Dataset extract:
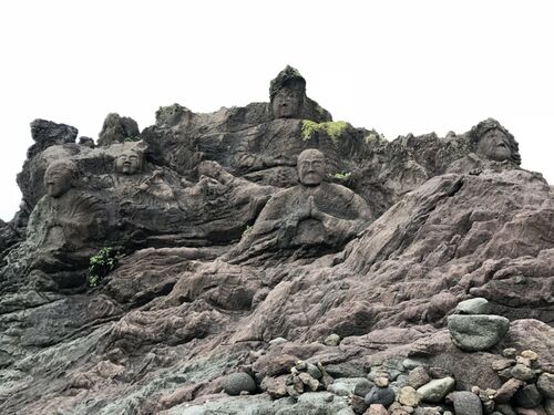 山形の旅。順番に参ります。 まずは『十六羅漢岩』晴れた日に見たかったー(笑) 朝6時に道の駅を出発しすぐ到着。雨は止まず、傘をさして海岸沿いへ。 食堂・駐車場・トイレ完備されています。早朝散歩のおじさんが一人だけいました。 国定公園なんですね!と…
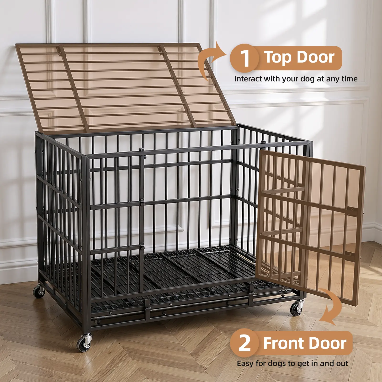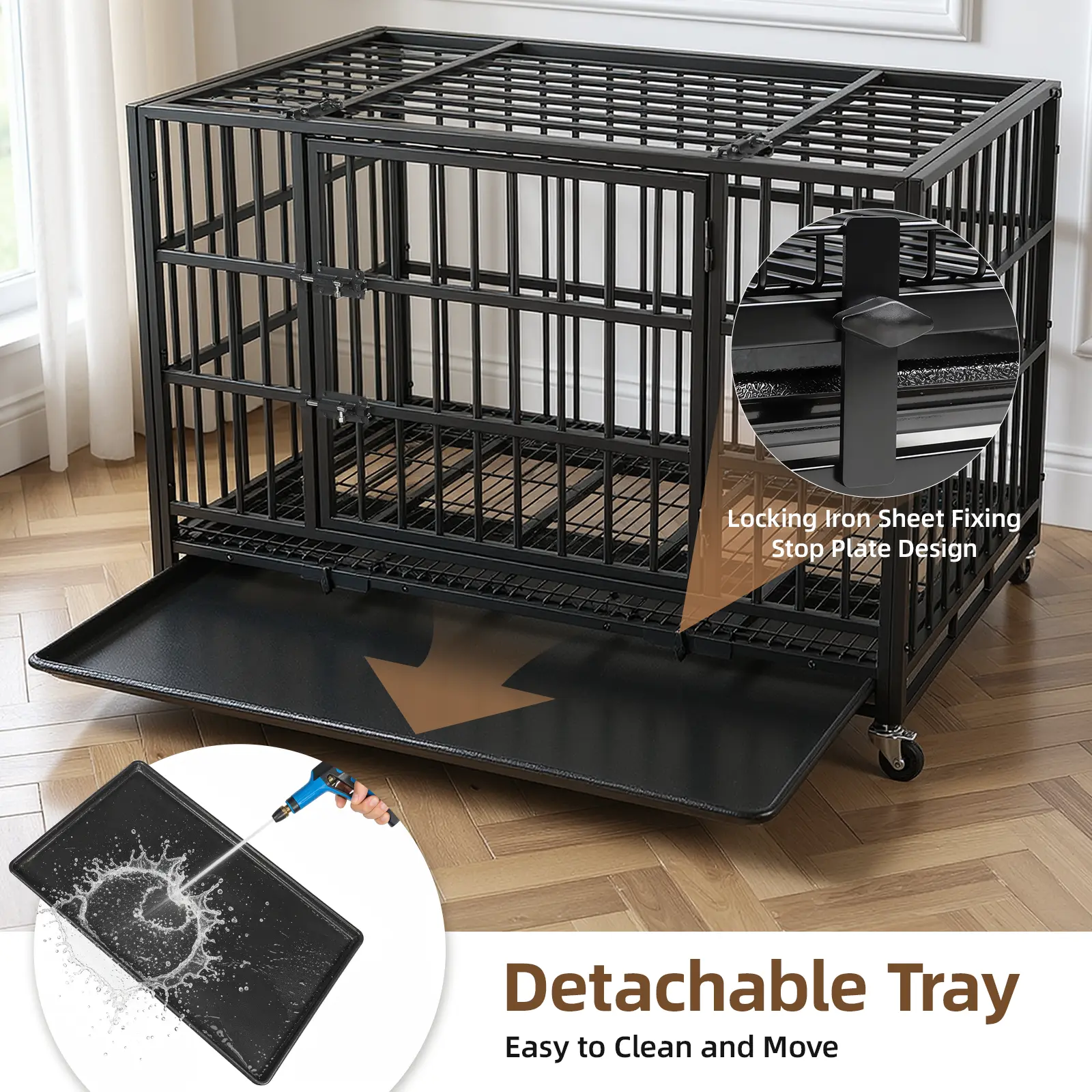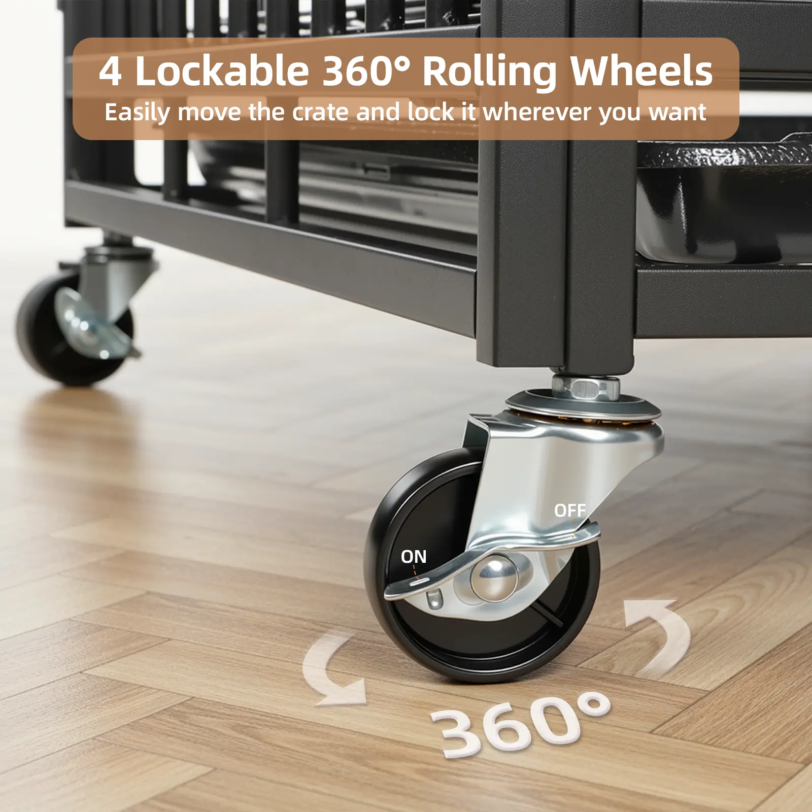 【Flexible Movement】: Come with four high-quality 360° rolling casters, this heavy duty dog kennel can move effortlessly to any place—easier than traditional dog cages. All wheels can be locked to prevent anxious dogs from escaping or harming themselves.
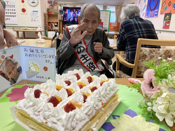 今日は、一月・二月生まれの方のお誕生会を開きました。大きなケーキを作り沢山召し上がって頂きました。

Problem to solve: Retype the data in full. Images do not go in the copy.

Answer below:
 山形の旅。順番に参ります。 まずは『十六羅漢岩』晴れた日に見たかったー(笑) 朝6時に道の駅を出発しすぐ到着。雨は止まず、傘をさして海岸沿いへ。 食堂・駐車場・トイレ完備されています。早朝散歩のおじさんが一人だけいました。 国定公園なんですね!と…
 【Flexible Movement】: Come with four high-quality 360° rolling casters, this heavy duty dog kennel can move effortlessly to any place—easier than traditional dog cages. All wheels can be locked to prevent anxious dogs from escaping or harming themselves.
 今日は、一月・二月生まれの方のお誕生会を開きました。大きなケーキを作り沢山召し上がって頂きました。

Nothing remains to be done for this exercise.